Maybe one last idea, fuzzy detokenization (like in image transformers) has a notable advantage in spec adherence. Outputting an image and then letting some other hand-written code convert that to a png is much more likely to produce something usable than outputting a png directly, byte by byte. The whole thing is probabilistic, and the flurry of strategies you've seen along the lines of "decode while greedily adhering to a schema (json being the canonical example everyone wants to use for some reason, if you want to search for it)" produce the wrong output distribution, often drastically so, by virtue of the biased sampling on something only correct because of its conditional probabilities. I'm not sure exactly how big of a model you need (or how tailored of a loss function) to make a model reliably output correct, large png files, but the current SOTA isn't there yet for general-purpose problems.

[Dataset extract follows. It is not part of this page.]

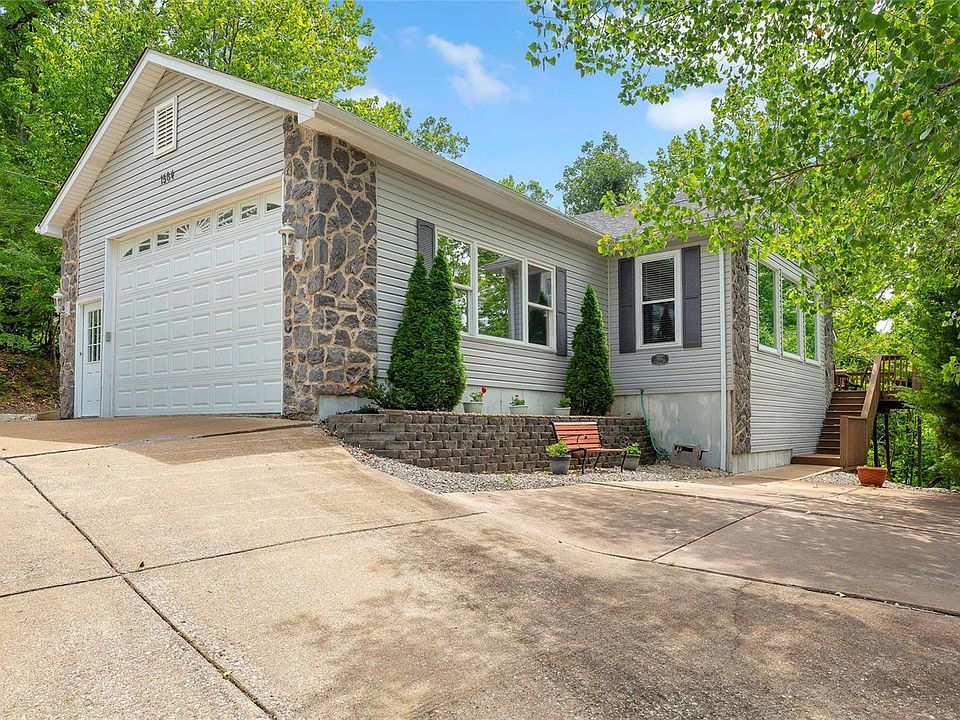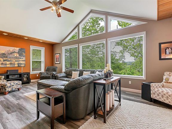 Lake Sherwood MO home with a million dollar seasonal view of the island and sunset! Tons of privacy on just under an acre of wooded land tucked on the hillside with a fairly flat driveway and lots of extra parking! Low maintenance landscaping! Oversized garage and garage door! Gas stove/oven! Fireplace on both levels. Two decks and a patio -sitting areas on all sides of the house. So many updates! Roof 2016, HVAC & A/C 2018, Master bath total remodeled, new grinder pump, new vinyl plank flooring and much more -see update sheet for full list! Lots of personal items are also available. Owners have kept meticulous records and have many items on regular service plans. Lake Sherwood is a gated lake community in Warren County - 15 minutes from Wentzville and Washington with lots of amenities such as: Six lakes, 24/7 security, new pool in 2023, motorized boating, UTV friendly, Campground, Parks, Beach, Clubhouse, Lakeside Grill and fun community activities all year! Come live the lake life! Some Accessible Features

In practice, people have made some byte-token models. They vary from "meh" to SOTA depending on the problem. On most problems, they're much more expensive than tokenized solutions. Interestingly, when they're SOTA they tend to be among the cheaper solutions.
I've been chipping away at some new model architectures, and something kind of like a byte-token solution is pretty suitable for those, largely because the model itself offers that compression you would otherwise obtain from tokenization. I'll finish and release them one of these years. For transformers though, the byte-token solution is usually only interesting insofar as proving people's suspicions. Results are fine, not amazing, except in special cases.
These tokens are also already very much in use by the tokenizer β they get emitted in sequences, to encode single Unicode codepoints that weren't common enough in the dataset to get their own tokens, and so instead require multiple tokens to represent them. I believe most tokenizers (e.g. tiktoken) just take the UTF-8 byte-sequences underlying these codepoints and encode them literally as sequences of the above 256-element set.
If you're curious, here's the definition of the encoding used by most modern LLMs, in newline-delimited "[base64 of raw input byte sequence] [tokenID to encode as]" format: https://openaipublic.blob.core.windows.net/encodings/cl100k_... . If you decode it, you can observe that the rest of the 256-element single-byte embedding space gets mapped to tokenIDs immediately following those of the ASCII printables.